In 2019, the Fifth Circuit affirmed that the Mississippi law was unconstitutional and Mississippi made a further appeal to the Supreme Court of the United States (SCOTUS), which agreed to hear the case in 2020. SCOTUS heard oral arguments in the case in October 2021, with a decision anticipated to be released in June 2022.
Challenges to S/THO COVID-19 Orders
In response to COVID-19 mitigation measures—and to promote social distancing and reduce the spread of disease—some S/THOs used their public health powers to issue gathering restrictions and to close certain types of businesses. Some business owners affected by those orders filed lawsuits challenging the authority of the S/THO to restrict their businesses.

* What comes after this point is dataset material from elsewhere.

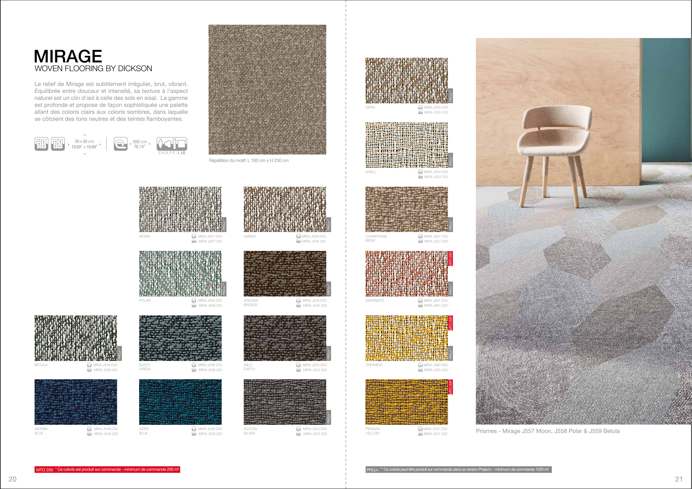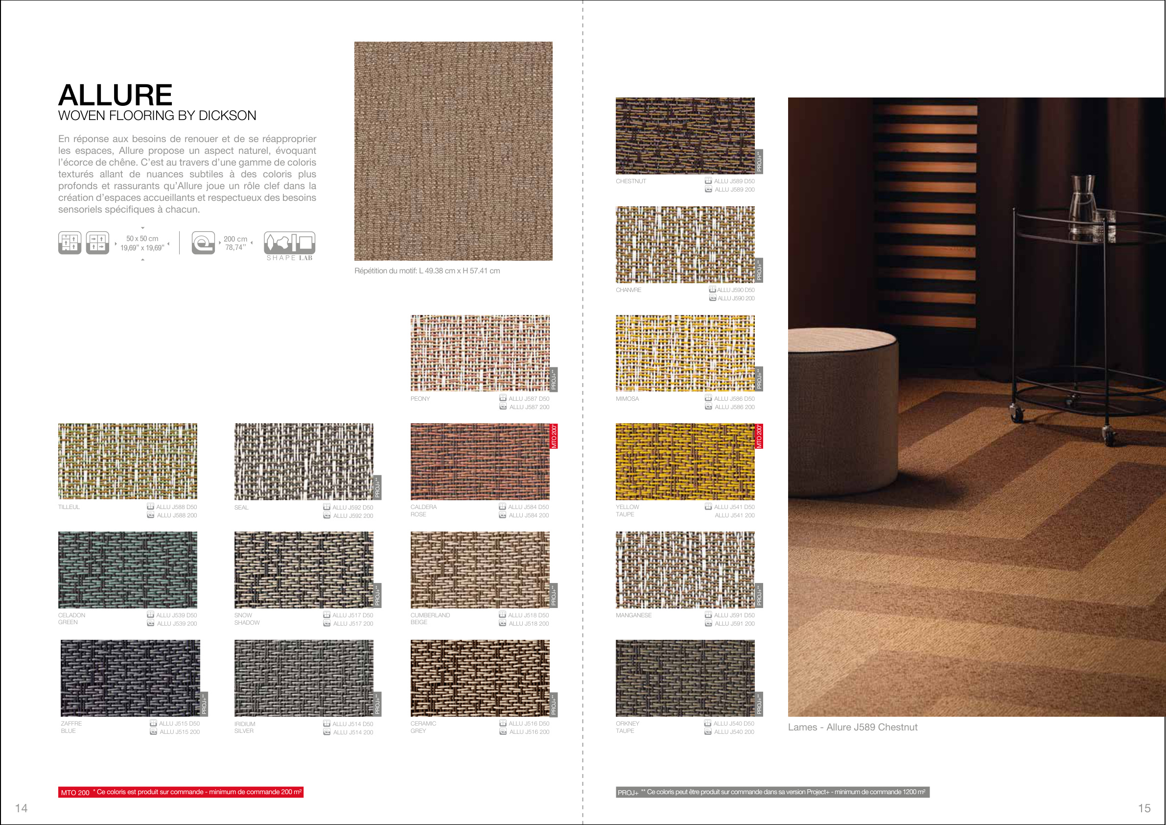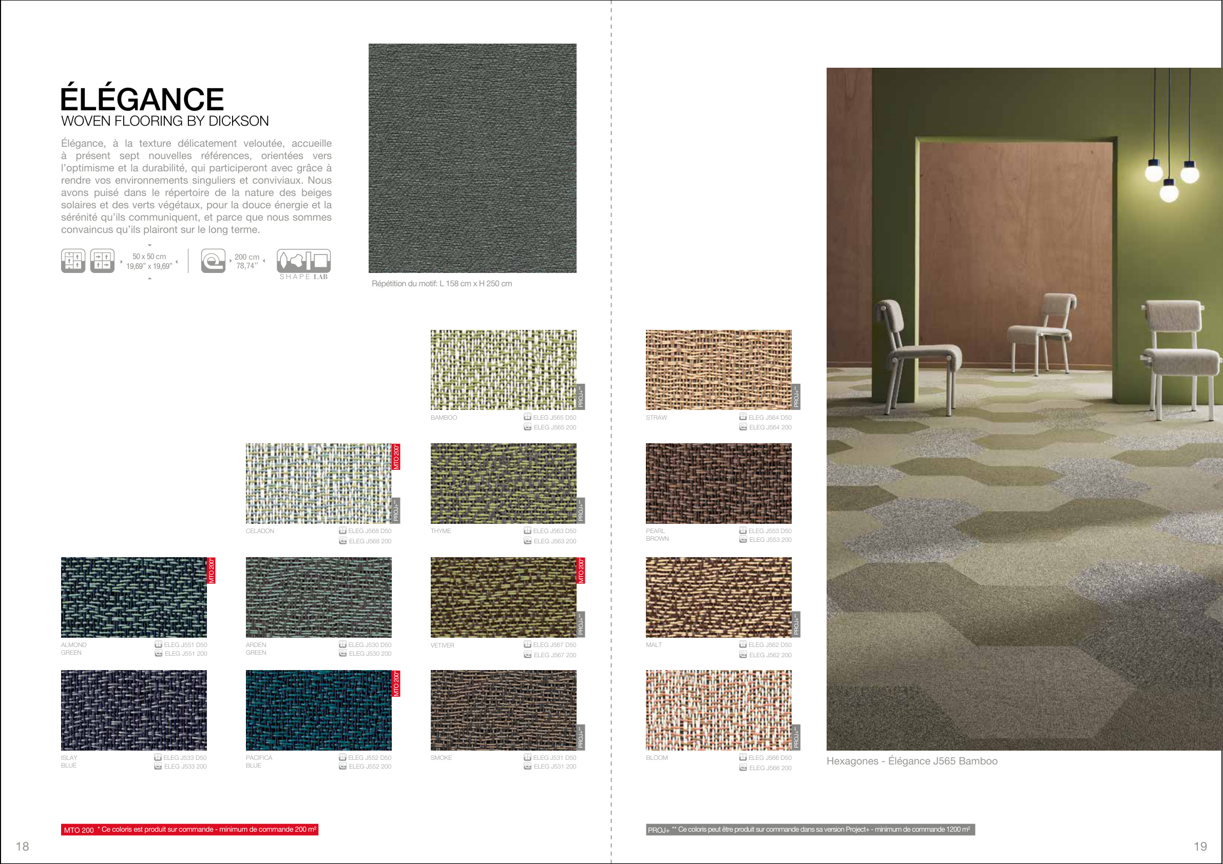 Certaines références sont produites à la demande pour un minimum de 200 m2 ( cf. Made to Order: J541 / J543 / J544 / J547 / J551 / J552 / J560/ J561 / J567 / J568 / J580 /

For example, former Ohio State Health Official Amy Acton, MD, MPH, was sued in her then professional capacity by amusement parks, music festivals, and gym owners. In one of the cases, Rock House Fitness, Inc. v. Acton, a state court prohibited the health agency from imposing penalties against gyms and fitness centers for refusing to comply with temporary business closure orders. After Acton left her role at the Ohio Department of Health she was removed from the suits naming her in her official capacity.

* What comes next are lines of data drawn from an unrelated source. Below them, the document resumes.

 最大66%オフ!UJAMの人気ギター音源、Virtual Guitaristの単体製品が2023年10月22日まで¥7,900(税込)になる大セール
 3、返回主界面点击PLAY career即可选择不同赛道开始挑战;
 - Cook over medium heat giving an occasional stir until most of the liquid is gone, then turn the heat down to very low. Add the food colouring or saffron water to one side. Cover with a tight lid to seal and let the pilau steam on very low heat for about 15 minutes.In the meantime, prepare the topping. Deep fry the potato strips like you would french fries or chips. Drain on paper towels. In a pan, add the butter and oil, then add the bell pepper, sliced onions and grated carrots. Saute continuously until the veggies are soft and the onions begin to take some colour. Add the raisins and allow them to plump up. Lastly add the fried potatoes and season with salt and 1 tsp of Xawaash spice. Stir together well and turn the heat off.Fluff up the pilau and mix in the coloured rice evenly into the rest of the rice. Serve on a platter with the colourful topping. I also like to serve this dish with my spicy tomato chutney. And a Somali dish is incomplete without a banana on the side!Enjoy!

Challenges to Agency Rulemaking
In response to an outbreak of e-cigarette or vaping product use-associated lung injury (EVALI) in 2019, the Utah Department of Health issued an emergency rule limiting the sale of flavored e-cigarette products to age-restricted retail tobacco specialty businesses. Retailers who were prohibited under the emergency rule from selling flavored vape products filed a lawsuit to challenge the rule and named the Department of Health and its Executive Director, Joseph Miner, MD.

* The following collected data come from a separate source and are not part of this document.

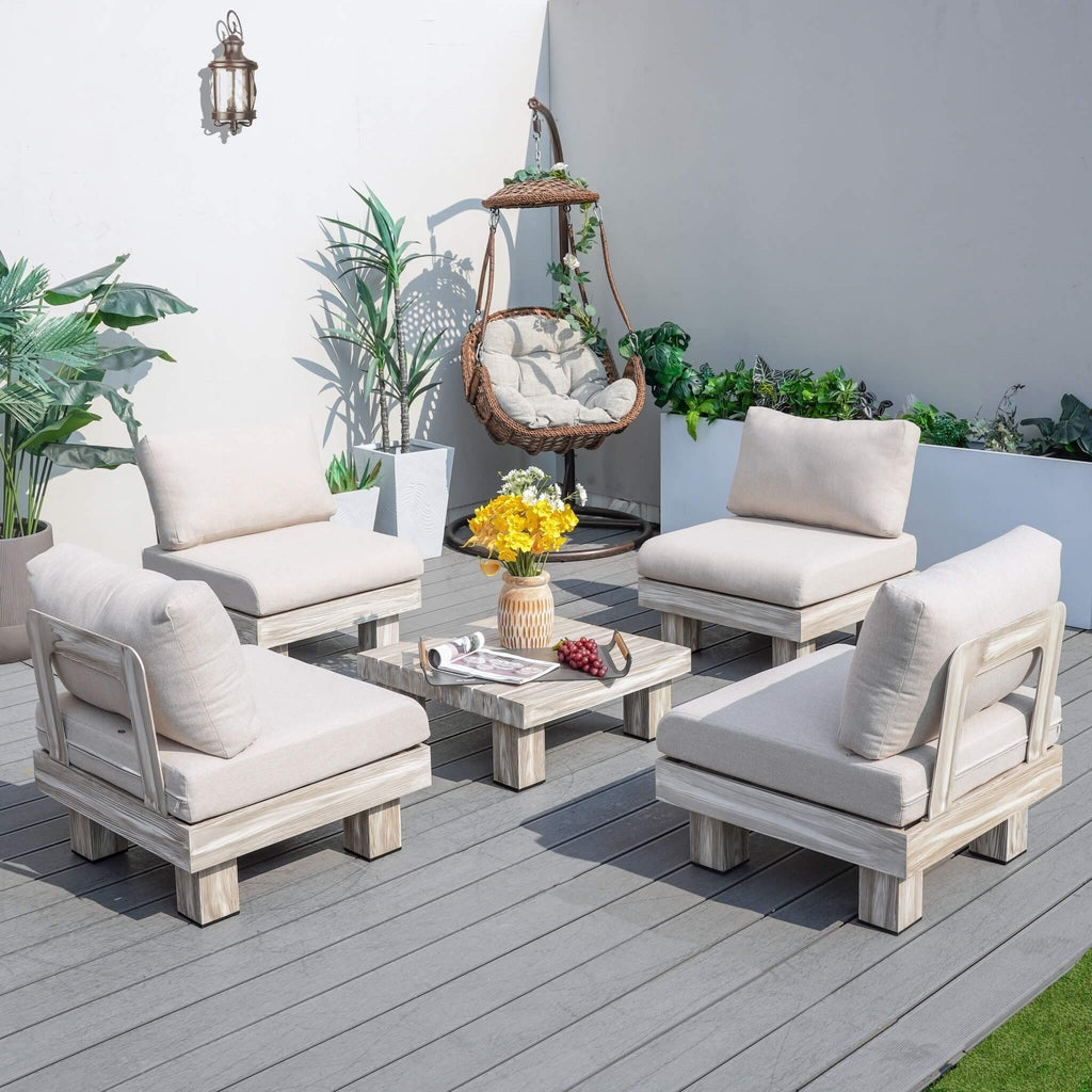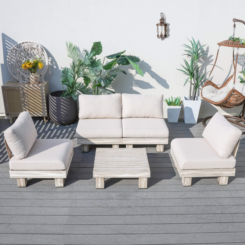 The Armless 4-Seat Patio Sofa Set is designed to bring style, comfort, and ultimate flexibility to your outdoor space. Featuring four armless single sofas and a matching coffee table, this set can be arranged in a variety of layouts—from a long 4-seat sofa to an L-shaped corner sofa—perfect for patios, poolside decks, or backyard gatherings.
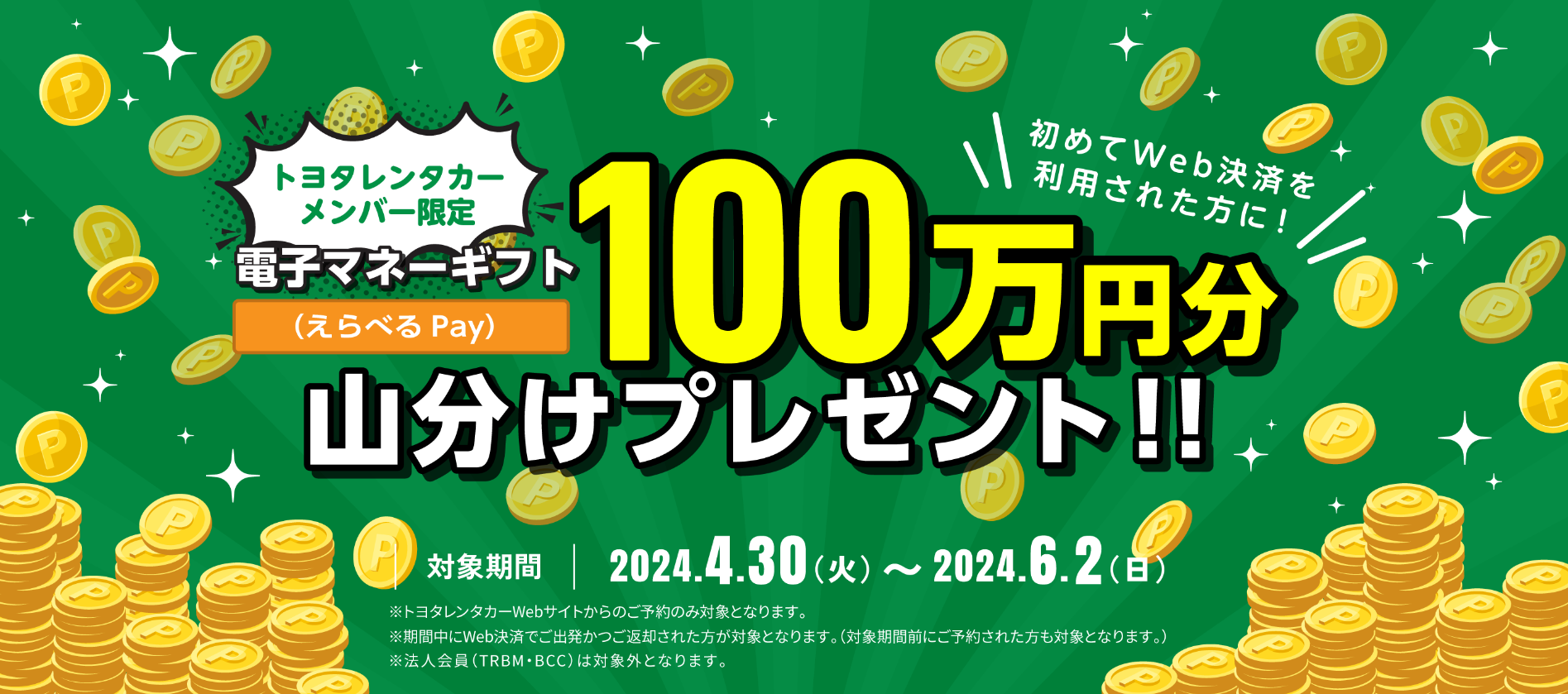 電子マネーギフト『えらべるPay』100万円分を山分けプレゼント※2023年4月30日以降初めてWeb決済をご利用されるトヨタレンタカーメンバー様限定
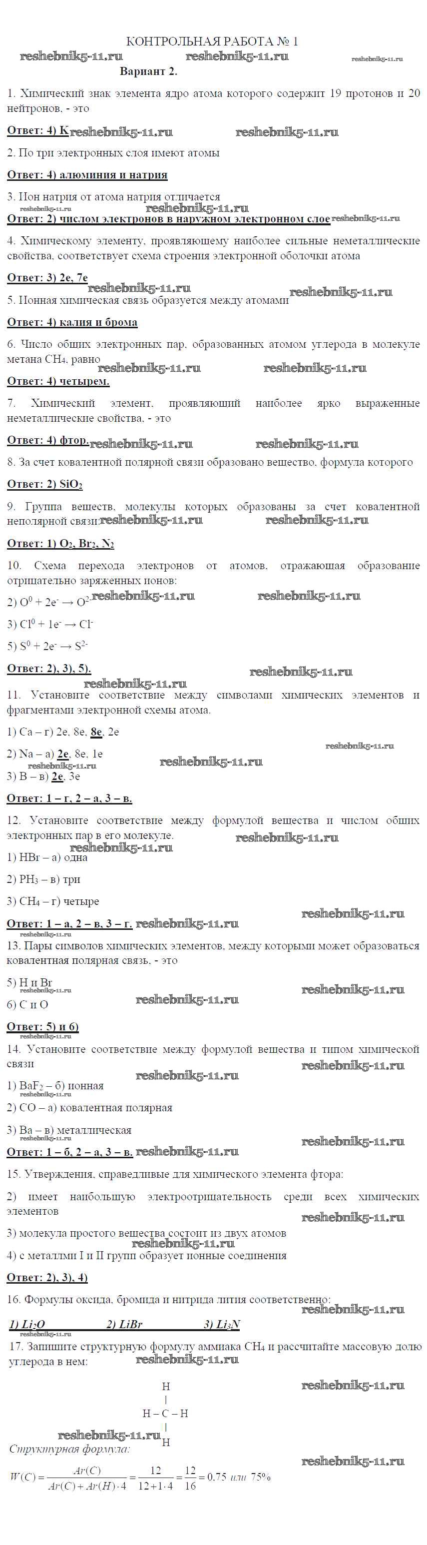 Готовая домашняя работа с ответами по Химии за 8 класс Габриелян, Краснова Контрольные работы УМК Дрофа 2017 ФГОС - КР-1. Варианты 2

A Utah court blocked part of the rule, finding that while the Department of Health was justified in issuing an emergency rule related to preventing illicit THC vapor products, it lacked the authority to regulate electronic tobacco flavors through emergency rulemaking. Under the terms of the court order, the department was permitted to require tobacco retailers selling e-cigarettes to post mandatory warning signs for 120 days alerting customers that “vaping unregulated THC is dangerous to your health.” The department declined to appeal the court order, allowing the emergency rule to lapse at the end of January 2020.
As leaders of governmental health agencies, S/THOs make important decisions and are tasked with heavy responsibilities that affect many. When one of those decisions impacts an individual there is always a chance the activity will be challenged in court. In many ways, being inside a courtroom is to be expected for a S/THO.